Heboh Perkawinan Anak di Tapin, Pemerintah Minta Tunda Kehamilan

Secara psikologis usia anak belum matang berkeluarga

Jakarta, IDN Times - Perkawinan usia anak kembali terjadi. Informasi yang beredar melalui foto dan video di media sosial sempat memancing banyak respons masyarakat. Mempelai pria berinisial A yang diketahui baru berusia 13 tahun dan mempelai perempuan berinisial I berusia 14 tahun, melangsungkan perkawinan secara siri atau tidak melalui Kantor Urusan Agama (KUA) setempat.

Menteri Pemberdayaan Perempuan dan Perlindungan Anak (PPPA) Yohana Yembise menyayangkan perkawinan anak yang terjadi di Desa Tungkap, Kecamatan Binuang, Kabupaten Tapin, Kalimantan Selatan.

“Kita tidak boleh mentolerir dan harus menolak perkawinan usia anak, karena bukan merupakan kepentingan terbaik bagi anak," ujar Yohana dalam keterangan tertulis, Minggu (15/7). 

1. Pasangan muda ini diminta menunda kehamilan

Heboh Perkawinan Anak di Tapin, Pemerintah Minta Tunda KehamilanIDN Times/Sukma Shakti

Pada kasus A dan I yang telanjur melakukan perkawinan, Kementerian Pemberdayaan Perempuan dan Perlindungan Anak (Kementerian PPPA) telah melakukan pendampingan, serta upaya persuasif agar pasangan tersebut menunda kehamilan.
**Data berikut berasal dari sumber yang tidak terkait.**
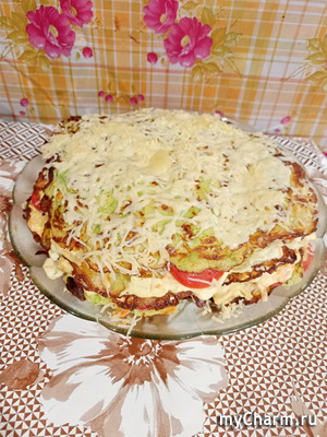 Из теста жарим блинчики, промазываем начинкой. Я еще между слоями положила тонко нарезанный кружочками помидор
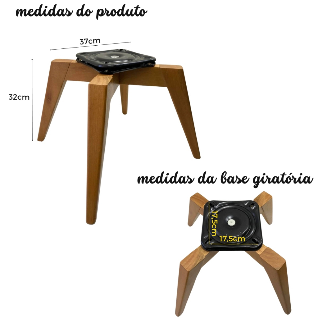Base Giratória 360 graus Madeira P/ Poltrona Pufe

Upaya tersebut dilakukan hingga kondisi fisik, terutama alat reproduksi dan kematangan emosional mereka, sudah siap untuk mempunyai anak. Sebab, secara psikologis usia anak belum matang untuk membangun keluarga.

“Pemerintah meminta komitmen para pemimpin daerah serta peran para tokoh masyarakat, agama dan masyarakat pada umumnya, untuk turut mencegah perkawinan anak terjadi,” imbau Yohana.

2. Pemerintah melakukan upaya pendampingan

Heboh Perkawinan Anak di Tapin, Pemerintah Minta Tunda KehamilanIDN Times/Sukma Shakti

Yohana menyebut, kementeriannya akan mengupayakan pendampingan dan pemantauan terhadap pasangan tersebut, guna mencegah kemungkinan kekerasan dalam rumah tangga atau perceraian. Selain itu, memastikan hak-hak anak tetap terpenuhi seperti pendidikan dan kesehatan, serta tidak melakukan perkawinan yang diakui negara, hingga usianya telah siap sesuai dengan undang-undang yang berlaku.

“Masyarakat perlu disadarkan risiko yang akan dihadapi anak, bila mengalami perkawinan anak. Adapun risiko tersebut antara lain melahirkan anak stunting (bertubuh pendek), ketidakstabilan ekonomi, putus sekolah, rentan kekerasan dalam rumah tangga, perceraian, hingga bahaya kematian pada ibu yang melahirkan terlalu muda,” papar dia.

3. Revisi UU Perkawinan terus didorong

Heboh Perkawinan Anak di Tapin, Pemerintah Minta Tunda KehamilanIDN Times/Sukma Shakti

Yohana menambahkan, Kementerian PPPA terus mendorong revisi Undang-Undang No 1 Tahun 1974 tentang Perkawinan, agar menaikkan usia perkawinan minimal 20 tahun untuk anak perempuan dan 22 tahun untuk anak laki-laki.

"Ketentuan batas minimal usia perkawinan harus dinaikkan untuk mencegah perkawinan anak terus terjadi," ujar dia.